→ What to work on
Without any pictures, retype exactly the lines that begin at the one holding "加子母村の道の駅です。すごく長い建物です。裏に水車があります。" and end at the last line of the data below.

→ Material supplied

=====

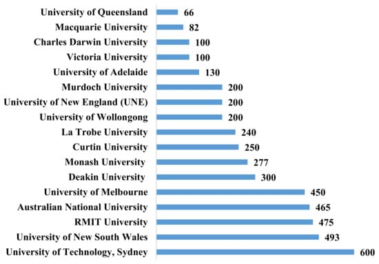 As a result of the decreased revenues, Australian universities have undergone serious job cuts, leading to increased unemployment in the education sector. Overall, Australian universities have seen more than 17,000 job losses []. Being Australia’s third-largest export, the education sector has suffered serious losses due to international border closures. These losses are expected to continue beyond 2021 as the universities battle to overcome the effects of COVID-19. Figure 7 shows the expected or confirmed number of permanent job losses in Australian universities. The figure was developed by the authors. It must be noted that these numbers do not include the massive reduction (in some cases, complete ban on) in the casual appointments. This has seriously impacted the educational sector in Australia.
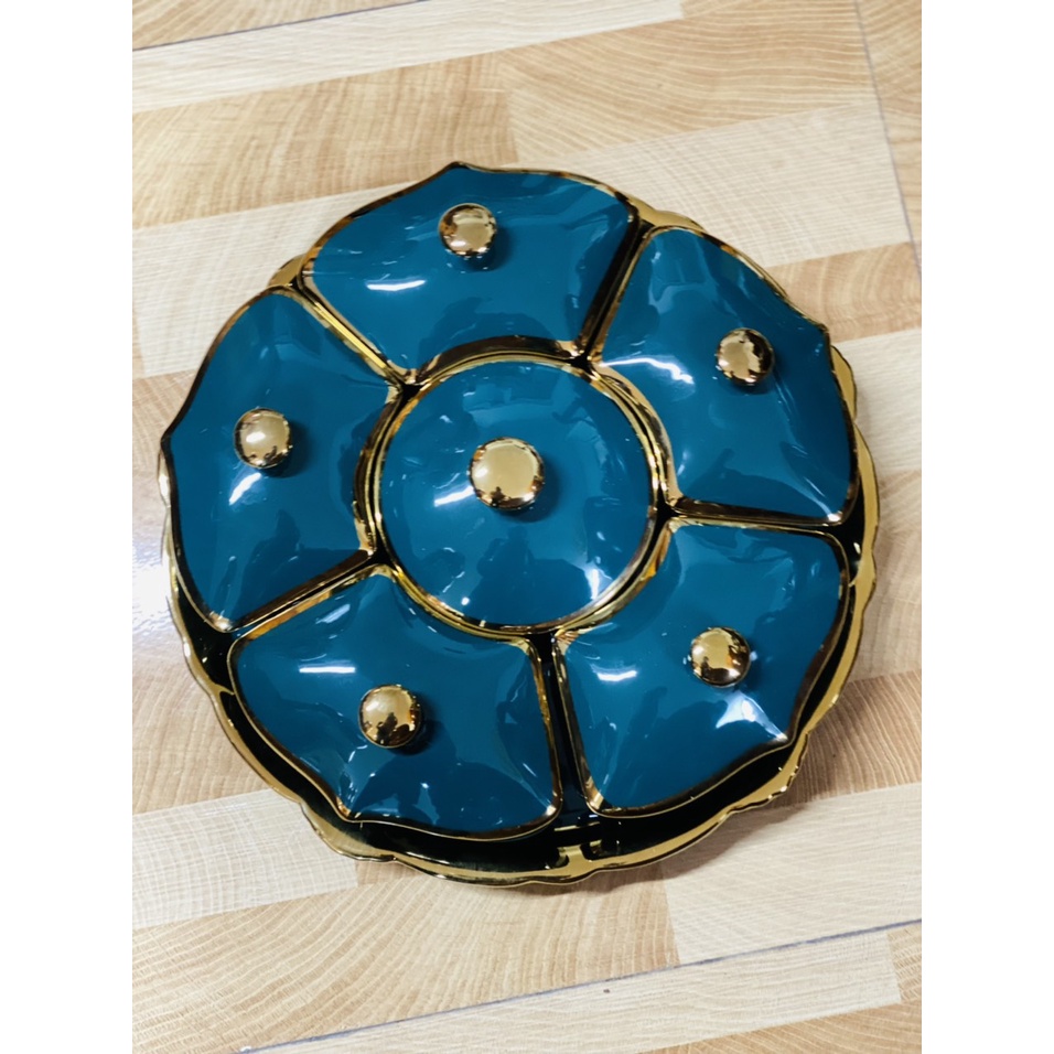 Khay mứt sứ Bắc Âu xanh viền vàng cấp 6 ngăn tiện lợi có đế xoay 360 độ, phụ hợp ngày lễ tết gia đình, đơn giản santrọng
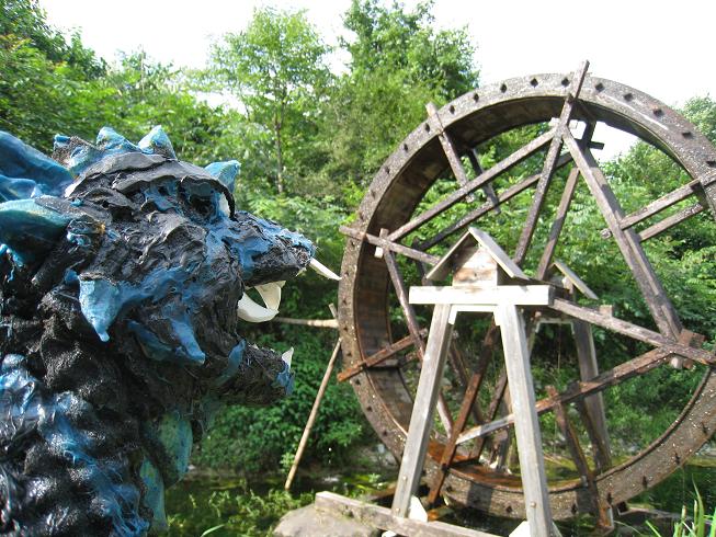 加子母村の道の駅です。すごく長い建物です。裏に水車があります。
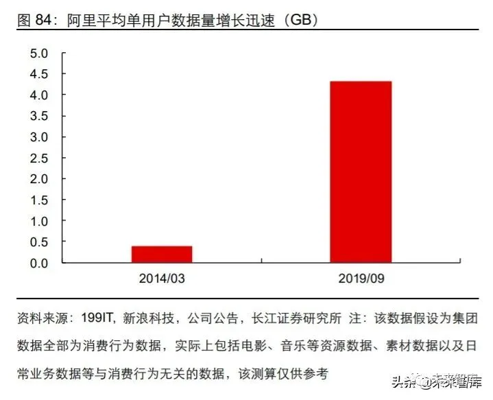 截至 2019 年 9 月,阿里的数据量在 3000PB 左右,相对于 2014 年 3 月的 100PB 增长 30 倍,假设集团数据全部为消费行为数据(实际上包括电影、音乐等资源数据、素材数据以及日常业务数据等与消费行为无关的数据,该测算仅供参考),以年活跃用户数 为基数核算后,2019 年九月阿里掌握的平均单用户数据量约为 4.5GB,而 2014 年 3 月约为 0.4GB。
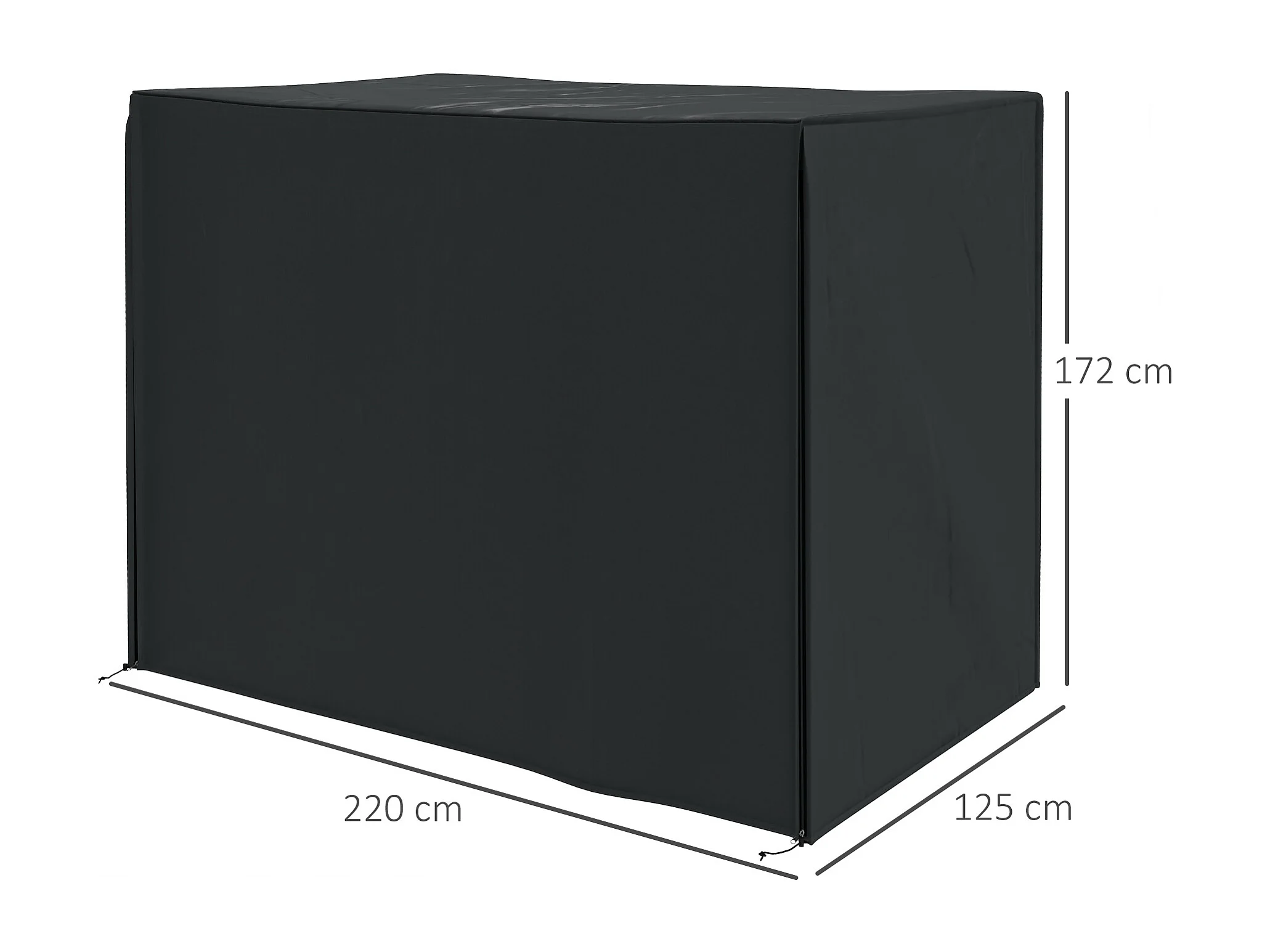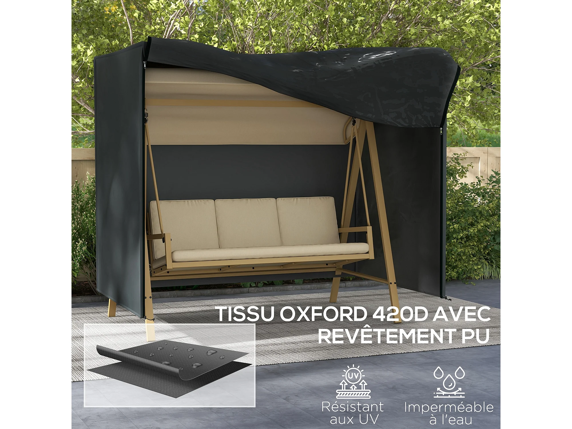 Housse de protection balancelle de jardin 3 places - imperméable, anti-UV, zip - dim. 2,20L x 1,25l x 1,72H m - noir

=====

→ Solution to this problem
 加子母村の道の駅です。すごく長い建物です。裏に水車があります。
 截至 2019 年 9 月,阿里的数据量在 3000PB 左右,相对于 2014 年 3 月的 100PB 增长 30 倍,假设集团数据全部为消费行为数据(实际上包括电影、音乐等资源数据、素材数据以及日常业务数据等与消费行为无关的数据,该测算仅供参考),以年活跃用户数 为基数核算后,2019 年九月阿里掌握的平均单用户数据量约为 4.5GB,而 2014 年 3 月约为 0.4GB。
 Housse de protection balancelle de jardin 3 places - imperméable, anti-UV, zip - dim. 2,20L x 1,25l x 1,72H m - noir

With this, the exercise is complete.